2.1 How to Comply to ISA/IEC 62443-4-2
The qualitative definition of Security Levels is provided in The ISA/IEC 62443 Approach to Security.
A quantitative evaluation of a product’s SL-C (Capability Security Level) needs to be performed to assign a specific level to the product. This quantitative evaluation is based on a list of Component Requirements (CRs) and associated Requirement Enhancements (REs), which are grouped in categories that are called Foundational Requirements.
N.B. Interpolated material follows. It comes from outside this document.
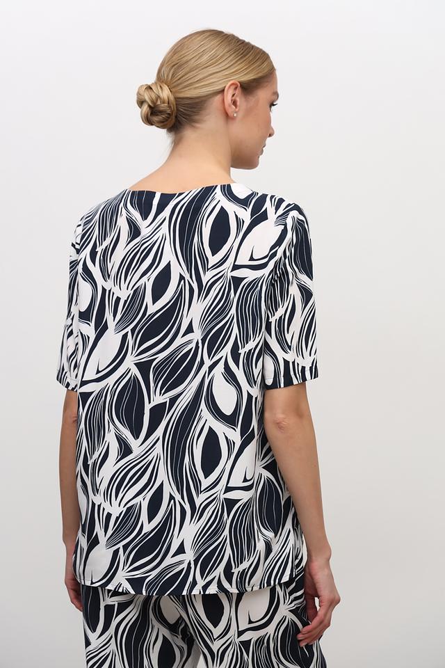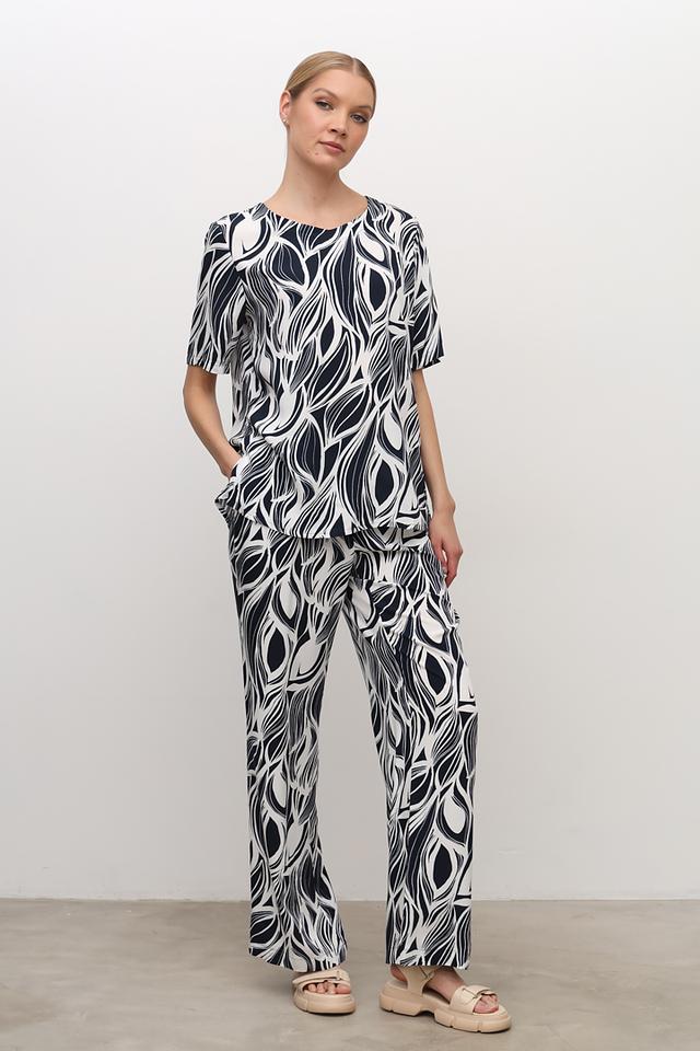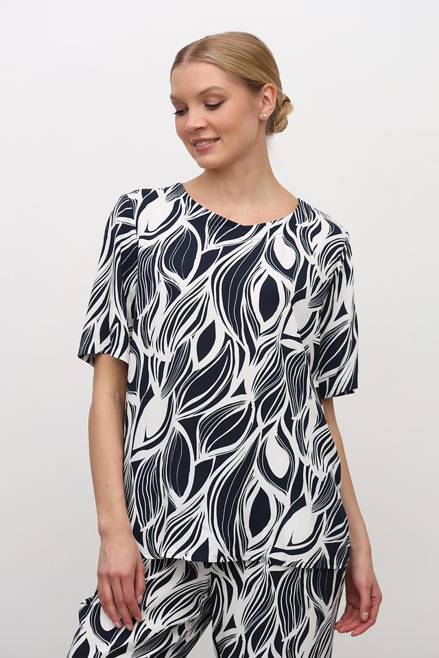 Особенностью этой блузы является ее уникальный черно-белый принт с абстрактным рисунком, который придаёт ей особый шарм и стиль. Блуза отлично сочетается с брюками, юбками и джинсами, позволяя создавать разнообразные образы.

The standard defines seven Foundational Requirements (FR1-to-7):
| FR1 | Identification and Authentication Control (IAC) |
| FR2 | Use Control (UC) |
| FR3 | System Integrity (SI) |
| FR4 | Data Confidentiality (DC) |
| FR5 | Restricted Data Flow (RDF) |
| FR6 | Timely Response to Events (TRE) |
| FR7 | Resource Availability (RA) |
Each Foundational Requirement is simply a logical grouping of individual sets each made up of one Component Requirement and, eventually, some Requirement Enhancements.
The standard provides tables that illustrate which CRs/REs are needed to reach each SL.
The table below provides a quantitative evaluation example based on requirement number 7 (strength of password-based authentication) of the first foundational requirement category (Identification and Authentication Control).
There are two REs associated with this CR. The tick marks appearing in the table indicate whether the CR or RE is needed to reach a given SL.
| SL1 | SL2 | SL3 | SL4 | |
|---|---|---|---|---|
| CR1.7 – Strength of Password-Based Authentication | ✔ | ✔ | ✔ | ✔ |
| RE1.7.1 – Password Generation and Lifetime Restrictions for Human Users | ✔ | ✔ | ||
| RE1.7.2 – Password Lifetime Restrictions for All Users | ✔ |
As an example evaluation:
- If the component does not satisfy the base CR, its SL will be 0.
- If the component satisfies only the base CR, its SL will be 2.
- If the component satisfies the base CR and the first RE(1), its SL will be 3.
- If the component satisfies the base CR, both RE(1) and RE(2), its SL will be 4.
This evaluation must be repeated across all CR/RE groups belonging to each FR category. The total SL for the product under consideration is the minimum SL achieved over all these evaluations. In conclusion, to meet a targeted security level (SL), all the requirements must be met.